How can we be arrogant about our knowledge of God when we don’t fully understand ourselves. Spiritual maturity shines light on dark places, places we’ve not known but were always there. It isn’t only because I am a philosopher that I side with Socrates when he said, “I just know that I don’t know.” But it is also because it honestly reflects what I’ve experienced in life. As a youngster, I would ask tons of questions. I was a curious little boy who believed that everyone understood more about the world than I did. I was fascinated by the breadth and size of the world and the seemingly endless amounts of people within it. I would collect rocks. I would notice rocks of different shapes, sizes, textures, and colors and be awed by them, thinking “What were these extremely durable treasures(?).” My pants’ pockets were often stained by the mud, the dirt, and the dust that hung on these treasures like pirates refusing to give them up. I would store my treasures in a drawer at home. This memory brings me joy because I know it was innocent. I wasn’t trying to be different or special; I just was.
I was full of curiosity and it spilled over into my desire to understand the world of men and women. While wet with wonder, I found others to be dry, living but not reflecting, thinking only about the world which was visible to their eyes, thinking only about how they could navigate it for basic needs. I wondered why we were all here while others wondered why their lights were turned off, why the DART bus had not arrived as scheduled. I simply assumed that they knew answers to the questions that I had and that this explained why they didn’t ask them. Like Socrates, I would find myself in conversations with experts, with teachers and preachers, with those who were credentialed, with those who were licensed. But my curiosity wasn’t met with acceptance. I asked questions about things you weren’t supposed to question. “Why was this a sin” and “Where does it teach this in the Bible,” I would ponder. “Why were those with titles treated better in church than momma,” who seemed almost invisible. “Why could I speak to many people in the church while others seemed to be off limits?”
Life was a long-suffering teacher with me, teaching me through the lost of relationships and reputation and the assassination of my character the truth that most people simply don’t enough to explore the tough questions. Sure. They may ponder the meaning of life before closing their eyes at night, but will they spend the next day repeating the cycle of the previous day or will they set aside time to read and explore scripture and other resources?
I became aware of my ignorance of self after pondering my interpersonal communication and unpleasant experiences with other people. While I attempted to comprehend the purpose of existence, I lacked an understanding about the nature of my own. Who was I? Why was I me? These became questions which shifted my focus inwardly.

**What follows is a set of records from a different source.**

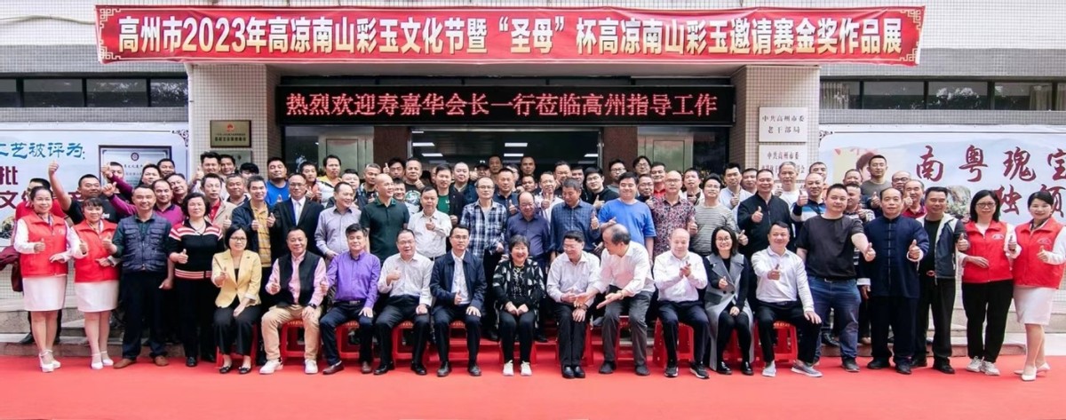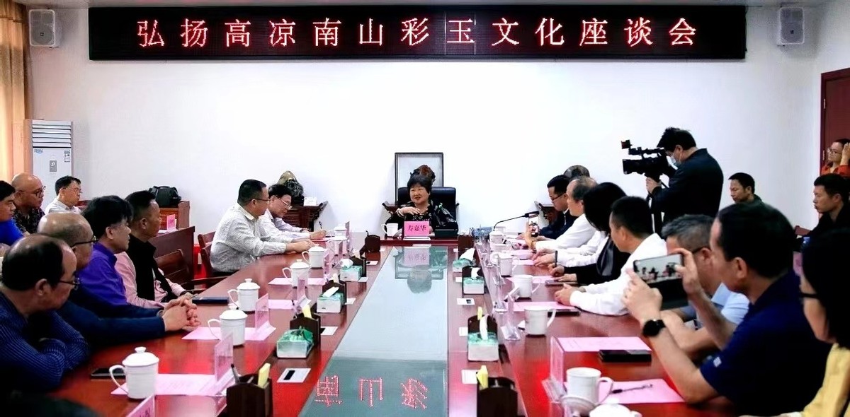 其后,参加了由高州市委、市政府举办的弘扬高凉南山彩玉文化座谈会。座谈会由高州市副市长刘仁生主持,致欢迎词中他表示:高凉古郡,鉴江相依,人杰地灵。高州是一座历史悠久、文化底蕴深厚的城市,巍巍云开,悠悠鉴水,铸就了一方瑰宝——高凉南山彩玉。早在宋朝庆元间,副丞相洪迈收到时任广西转运使赏石名家朱希颜赠送的两块珍藏的高州彩玉石,如获至宝,赋诗咏赞撰《高州石屏记》,并镌刻于广西桂林的龙隐岩,成为国家文物旅游胜景。高凉南山彩玉吸收天地灵气,皮质细腻,光彩照人,具有极高的文化品味和收藏价值,在高州乡贤——广东省地质局原副局长、广东省观赏石协会创会会长、高州市高凉南山彩玉协会永久荣誉会长周国新的努力下,省地质局拨出专款派出专家,走遍粤西山山水水勘测之,并把勘测成果送到中国观赏石协会。经中国观赏石协会观赏石命名审定委员会第一次会议专家评审,高凉南山彩玉成为新世纪第一个被正式评定的中国新玉种。寿嘉华副部长欣然题词,“高凉彩玉南粤瑰宝,璀璨毓秀独领风骚”。
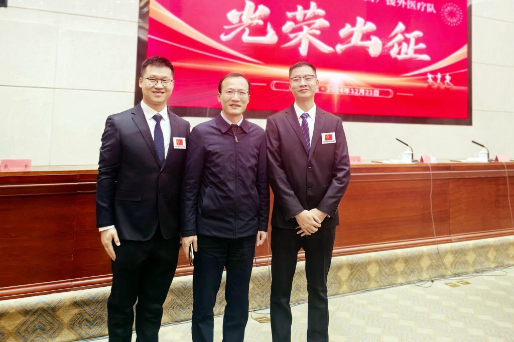 贺旭文、刘传镇两位队员对医院领导以及家人的关心表示衷心的感谢。并表示作为医院选派的援外队员,深知任务的艰巨性。在接下来的一年里,将秉承习近平总书记提出的援外医疗队精神,不畏艰苦、甘于奉献、救死扶伤、大爱无疆,以高度的责任感和专业精神,全力以赴做好每一项工作。(文图:康骞 审核:李年秀 周臻 彭晓露)
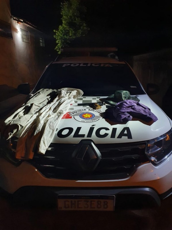 O autor possui um veículo golf branco que estava na residência coberto com uma lona preta, também entregou a camisa azul que usou para cobrir o rosto e a calça cinza que usava no momento do crime.

As I grow older, I am absolutely amazed at the blind spots I’ve had about my own character. I spent years blaming people in church and other places for their mistreatment of me without seeing my role in this effect. Daily I become aware more and more about my insensitivity to the feeling of others. I say rude things to my wife sometimes and don’t even realize it. I jest at the expense of others feelings when it’s humorous to myself. I’m impatient when asked a question with an apparently obvious answer. I lost control when inspired with a seemingly profound idea and don’t consider what others are doing around me, interrupting, sharing my idea, and being upset when they inform me they’re busy. I have also been very condescending to myself in the past, forgiving others while holding guilt about my own past mistakes, seeing myself as subhuman, feeling that I don’t deserve self-love.
Thus, how can I arrogantly hold a view about God or his word that hasn’t been checked by inferences from scripture and valid reasonings, rather than the feeling of my own certainty? How can I boldly assert what some verse means without study, without proof? How can I be proud about my knowledge of God when I’m daily in the process of discovery about myself? Wouldn’t the proper posture be to maintain an open mind about what I believe. That is, be open to examine reasons why I believe something and hear those within my faith communities who may have different beliefs for different reasons. To be clear, I am not advocating for the suspension of theological beliefs, rather I am arguing that we should have more of a reason from scripture, the original languages, the meanings of individual words, the context of the particular verse, etc. than just holding to a certain view of conduct simply because someone you trusted told you or that is the understanding you arrived at after reading the scripture. One thing I got right as a kid was the open disposition to information and conversation and these are the rocks I still carry.